Previously:
Having finished the explication of his authoritarian- and ethno-nationalist political theory, attempting to frame it as a modern day recovery of Two-Kingdoms Theology and Puritan theocracy, Wolfe closes his book with a manifesto on the state of America, and the next steps he believes are required of those who have been convinced of his worldview. His language becomes looser and more bombastic in this chapter; Wolfe will name the “globalist American empire”, run by a “gynocracy”, as the primary foil of Christian Nationalism. For those not convinced of his theory, this chapter will read as fairly wild-eyed, while, for those who are bought in, it will be a rallying cry delivered in the language of destiny.
But this book is not an action-plan. It is a justification of Christian nationalism, and we are early in recovering the movement. Every movement needs its intellectuals, pamphleteers, strategists, organizers, and foot soldiers. This book belongs in the first category, and perhaps in the future I can contribute in other ways. Let each have his role.1
Wolfe conspicuously identifies himself as an intellectual force in the burgeoning Christian Nationalist movement; most movements like the one he is looking to spearhead begin with books of philosophy or political theory that are dismissed as fringe by mainstream thought leaders. In 1917, Giovanni Gentile was a professor of history and philosophy at the University of Rome, whose writings claiming fascism as the inevitable endpoint of the national unification of Italy, known as the Risorgimento (resurgence), were considered fringe by the majority of Italian politicians and intellectuals.

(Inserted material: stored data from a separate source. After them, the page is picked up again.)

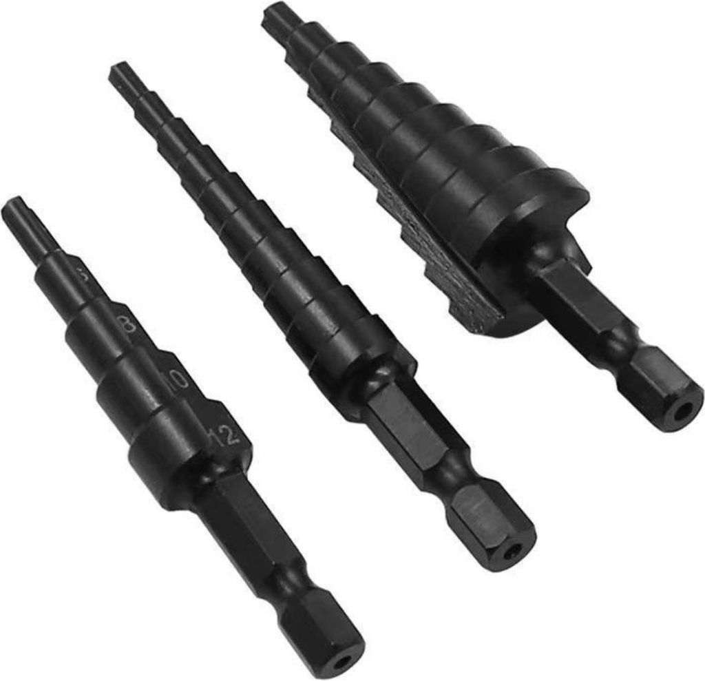 3-teiliges Spiral-Stufenbohrer-Set, HSS-Sechskantschaft, 4 Schneiden, für Metall, Aluminium, Holz und Kunststoff, 1/8-1/2, 1/4-3/4, 3/16-7/8 Zoll
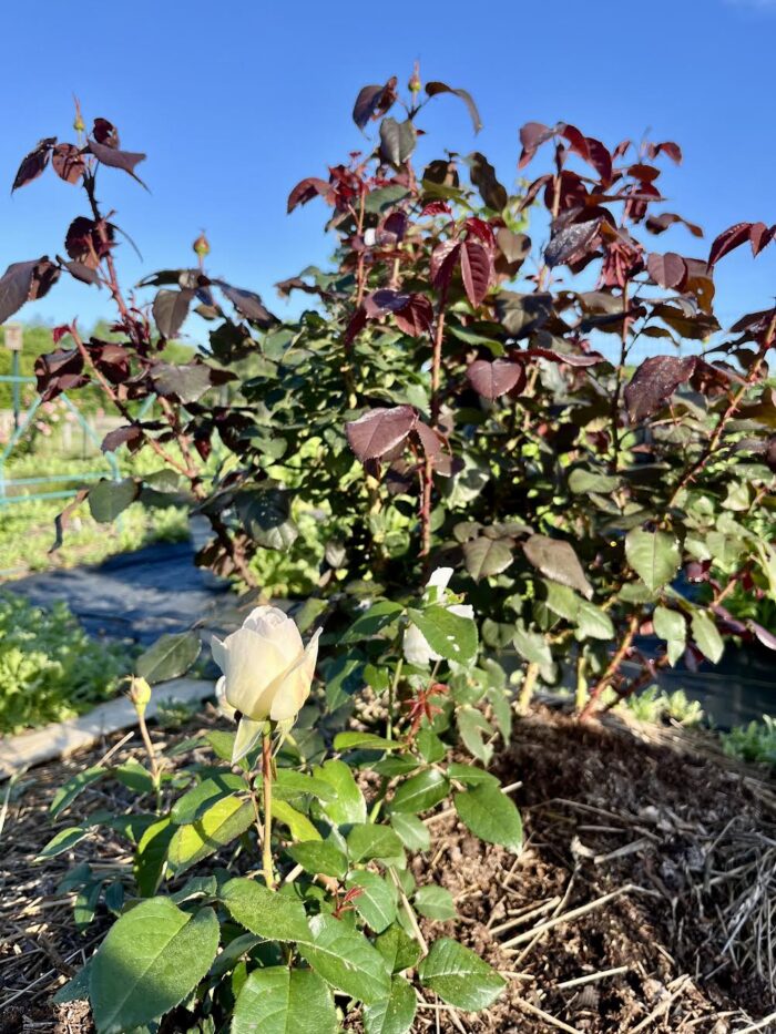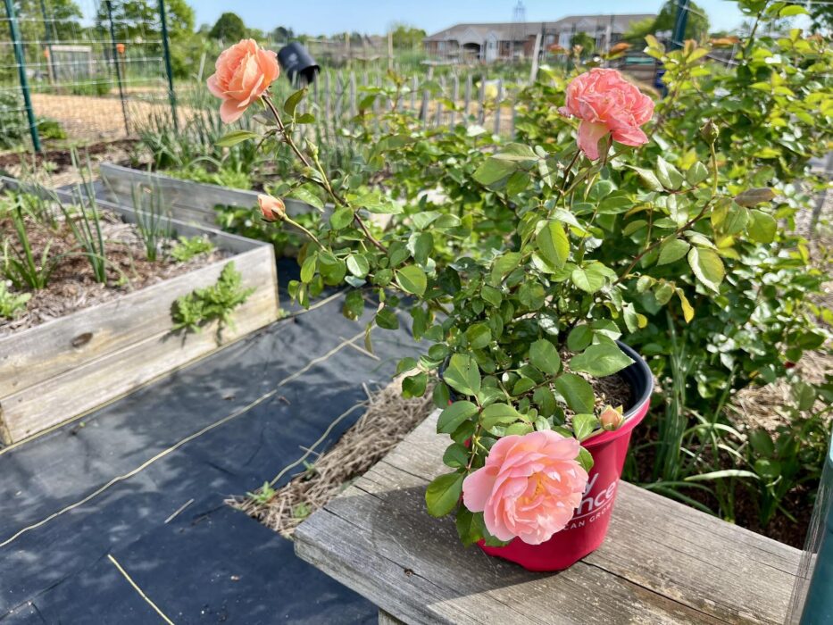 Some of you may recall that in addition to our home garden, which is about 3 years old now, we have a small plot in our local community garden. As our new home is on a very wooded plot, many of our roses were moved to our sunny, open allotment to be enjoyed mainly as cut flowers. The allotment has it’s own set of challenges, mainly exposure, but it’s been a great way for us to continue growing the roses we enjoy. Here’s a photo of ‘Sweet Fragrance’ being brought in for planting. ‘Sweet Fragrance’ is a Ping Lim rose; Do you remember this breeder sweeping the awards at Biltmore International Rose Trials in 2015?
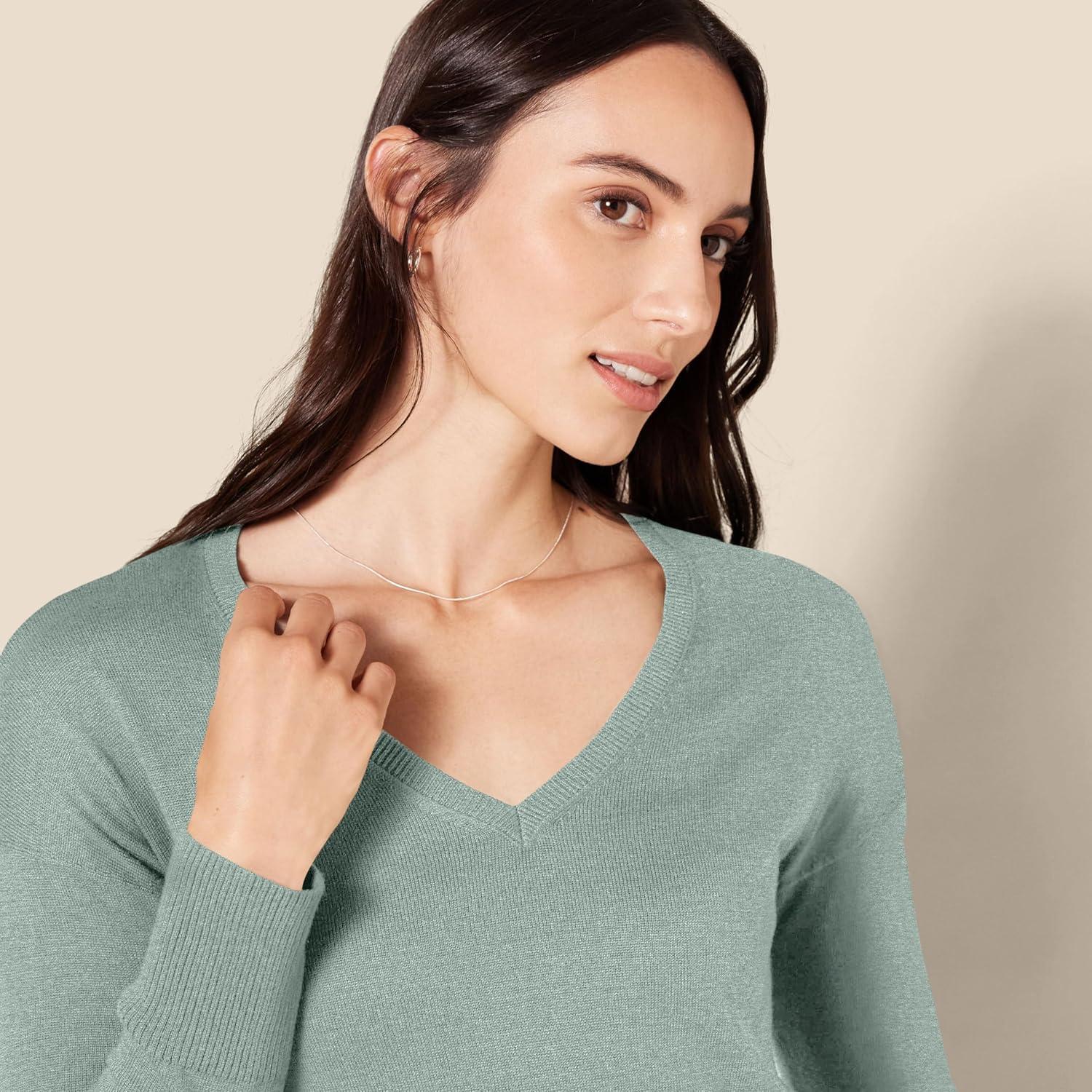 Amazon Essentials Women’s Lightweight Long-Sleeve V-Neck Tunic Sweater (Available in Plus Size)(Sage Green Heather)
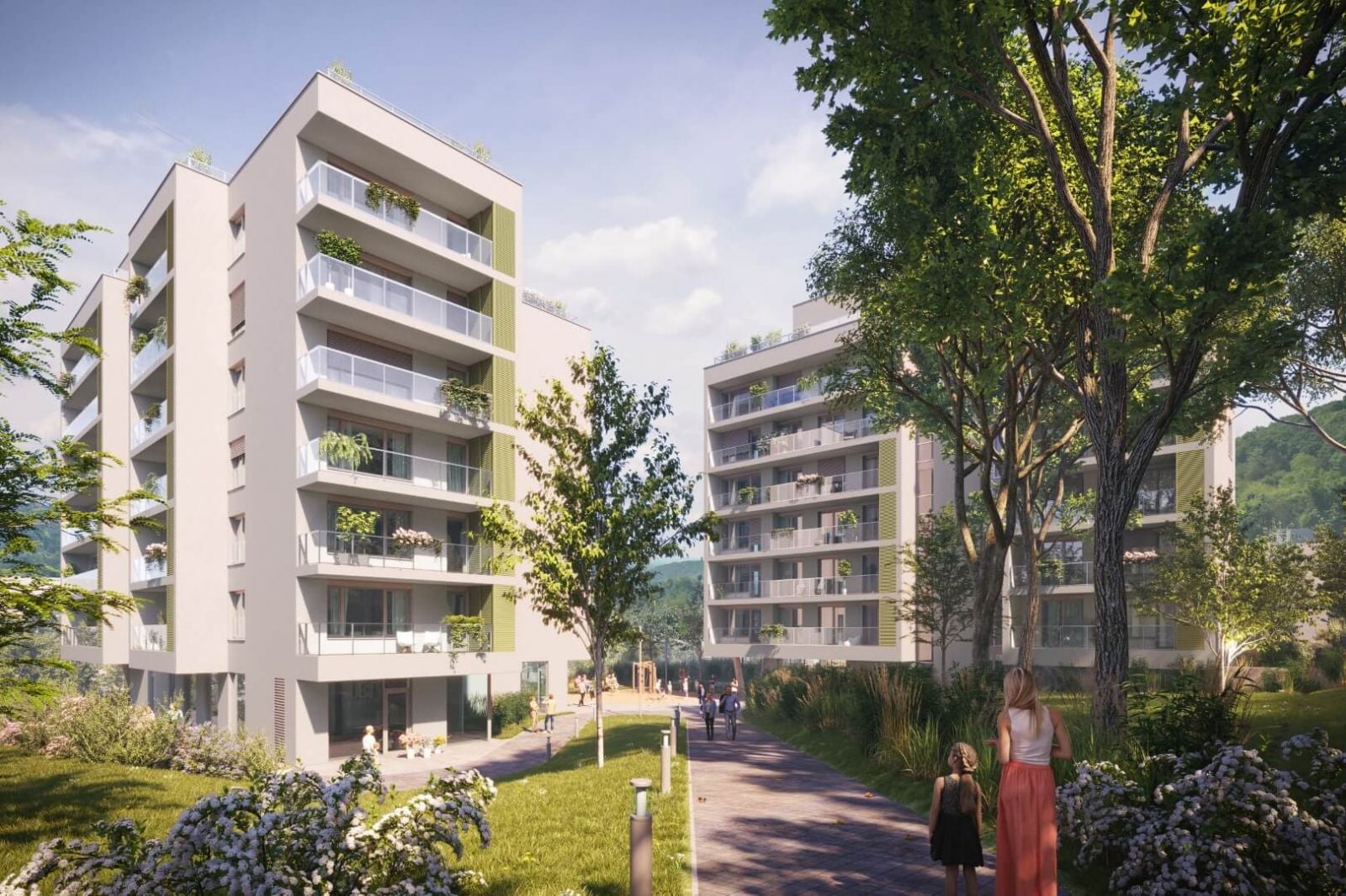 Medzi domami je plánované menšie námestie doplnené o zeleň a novú výsadbu, ktorá podporí ekologický ráz projektu a poskytne príjemné prostredie na trávenie voľného času. Architektonický návrh spracoval ateliér šujan_stassel, autor aj prvej etapy.
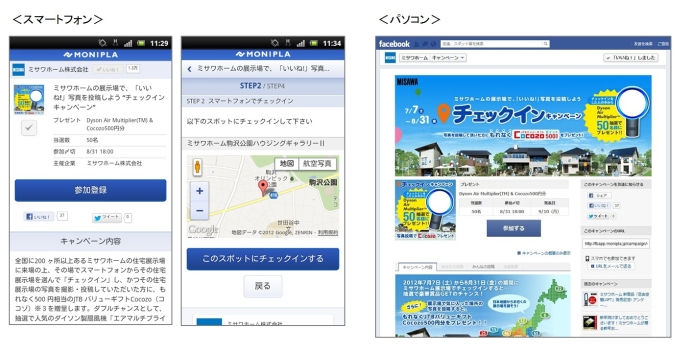 この機能を利用して、7月7日より、ミサワホームのFacebookページで「チェックイン キャンペーン」が実施されています。キャンペーン期間中に全国200カ所以上あるミサワホームの住宅展示場のいずれかに来場のうえ、その場からスマートフォンでキャンペーン画面にアクセスして今いる住宅展示場を選んでチェックインし、かつ住宅展示場の写真を撮影・投稿していただいた方に、もれなく500円相当の電子ギフトがプレゼントされます。また、ダブルチャンスとして、キャンペーンに参加いただいた方の中から抽選で計50名様に人気の家電製品が当たります。
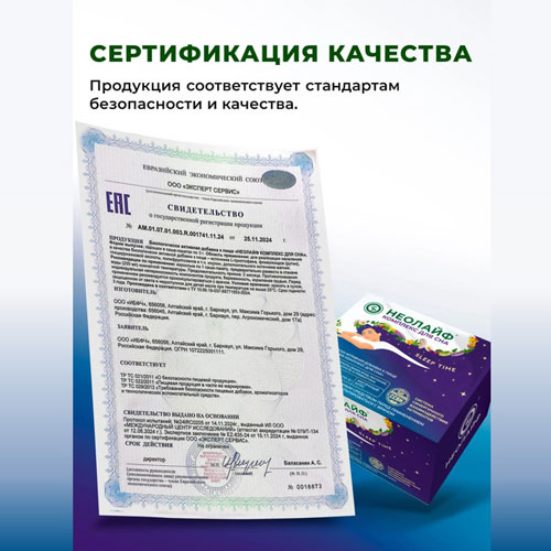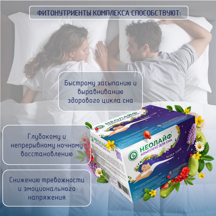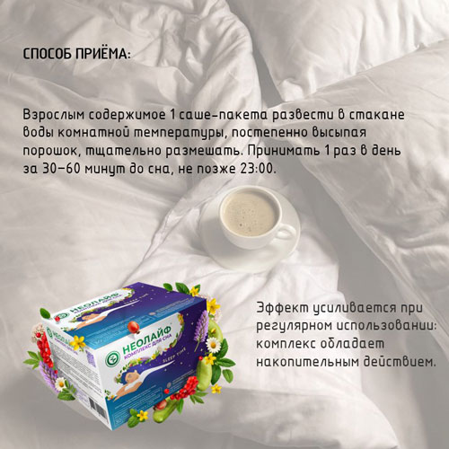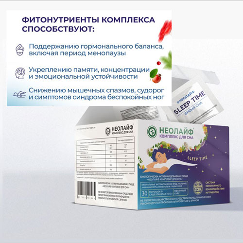 НЕОЛАЙФ SLEEP TIME - вечерний напиток, разработанный для вашего комфортного и качественного сна. Уникальный комплекс, содержащий фитонутриенты, аминокислоты, минералы и пребиотики, способствует восстановлению здорового цикла сна и бодрствования, помогая вам проснуться отдохнувшим и полным энергии. Компоненты SLEEP TIME своим успокаивающим действием помогут расслабиться и подготовиться ко сну, наладят процесс засыпания и восстановят организм в течении ночи (особенно при менопаузе) без привыканий. Комплекс способствует восстановлению при гормональных и эмоциональных сбоях, улучшению настроения, что, в свою очередь, снижает уровень стресса, тревожности и депрессии.
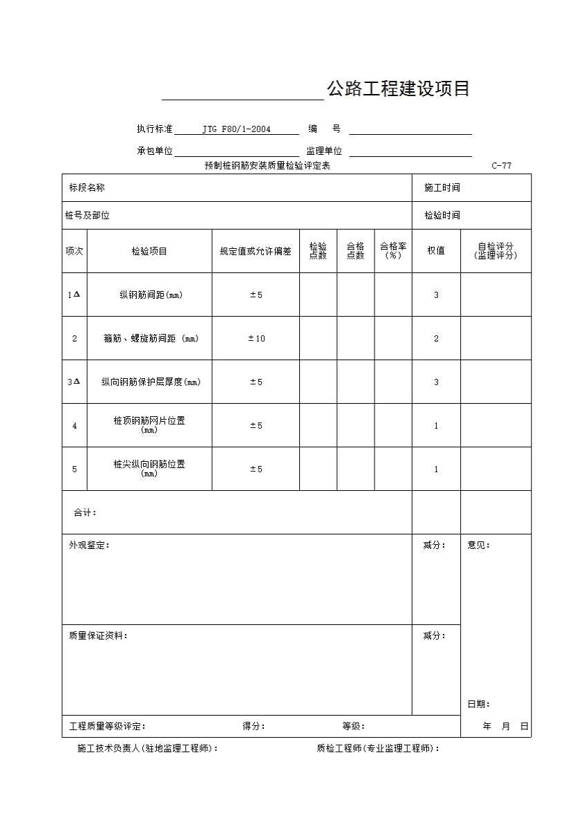 C-77表 预制桩钢筋安装质量检验评定表
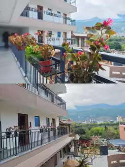 The hotel is located in Baishi Qiang Village, not far from Maoxian. The four-story building has a small courtyard full of flowers and plants. The quiet and tidy environment is very appealing.
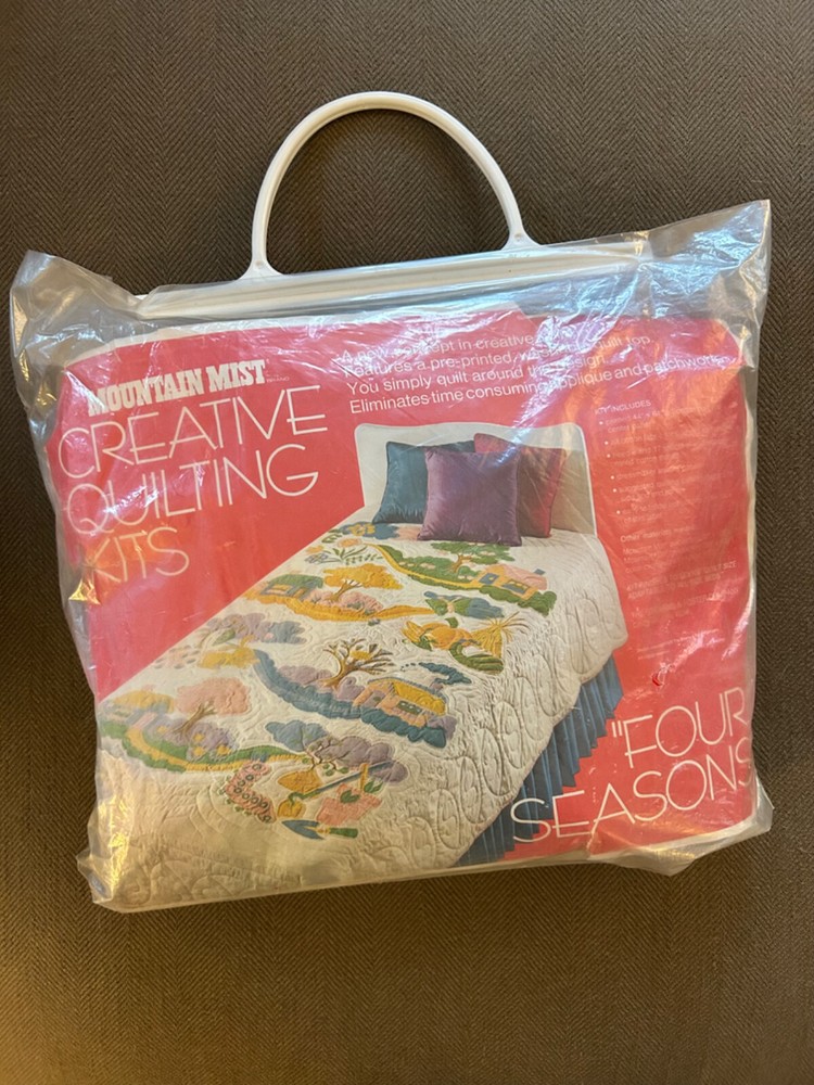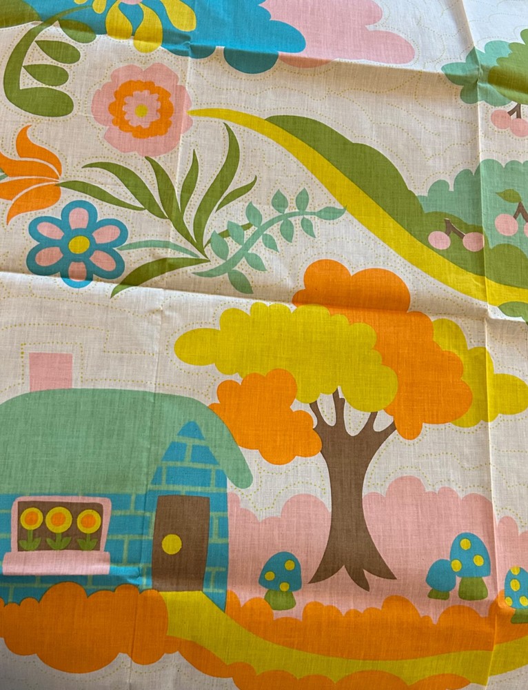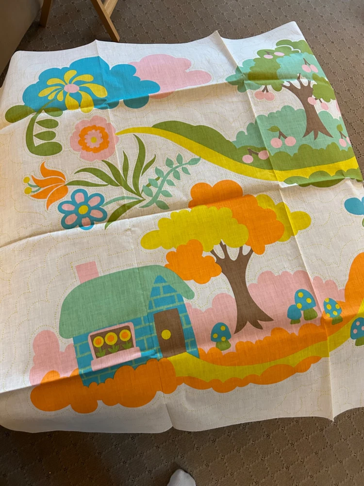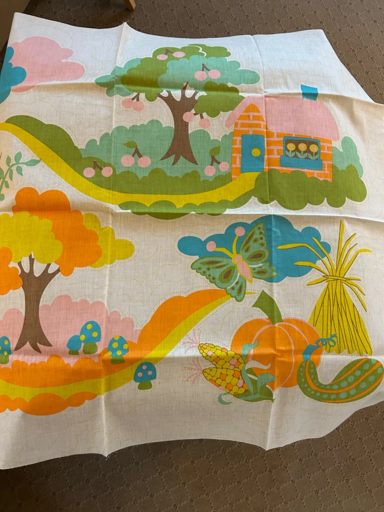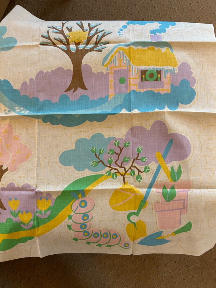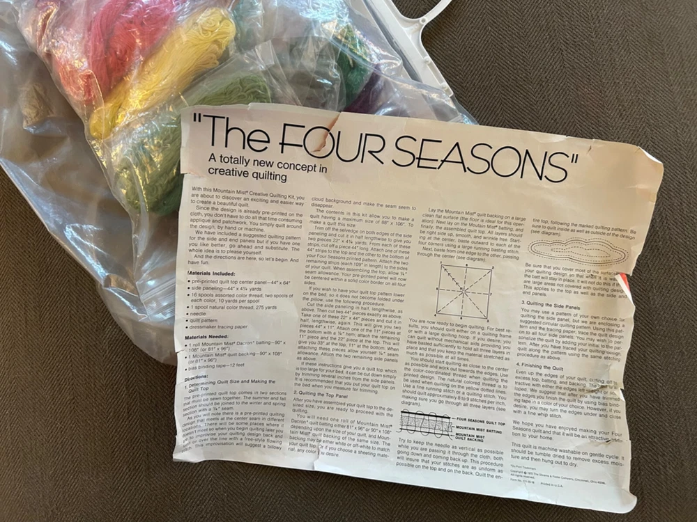Amazing 1972 Stearns &Foster Quilt Kit that finishes to 88" x 106" quilt cover with pre-printed, washable top. Step into the 70s with this design – bright fluffy clouds, colorful mushrooms, happy cottages meet cheerful flowers, butterflies, caterpillars and harvest fruit. It's all illustrating the "Four Seasons". Love this for the fabric alone!! Not sure it's 100% there, but seems to have quilt top, paneling, spools of thread, pattern and instructions. Needs Batting, Quilt Backing, Bias Binding Tape and possibly a needle.

Five years later, he was Benito Mussolini’s Minister of Public Education, inculcating fascism into the curricula of an entire generation of his countrymen. His later writings for the party would become “one of the most important and publicised ideological rationalisations of the Fascist phenomenon”.2
Though the way Wolfe addresses his concerns in this chapter may come across to moderates as hyperbolic, it should not be flippantly dismissed. A growing number of young American men are becoming frustrated with a society that values them less than it did their fathers and grandfathers, and which increasingly utilizes economic pressure to maintain ideological conformity. It is common for discontented young men to externalize their angst and to seek out philosophies that offer a sense of belonging and meaning; Wolfe’s offer is attractive to many disillusioned, young Christian men of Western European descent.
Next:
Stephen Wolfe, The Case for Christian Nationalism (Moscow, Idaho: Canon Press, 2022), 433-434.
Philip Morgan, Italian Fascism: 1919 - 1945, 1. publ, The Making of the 20th Century (New York, NY: St. Martin’s Pr, 1995), 79.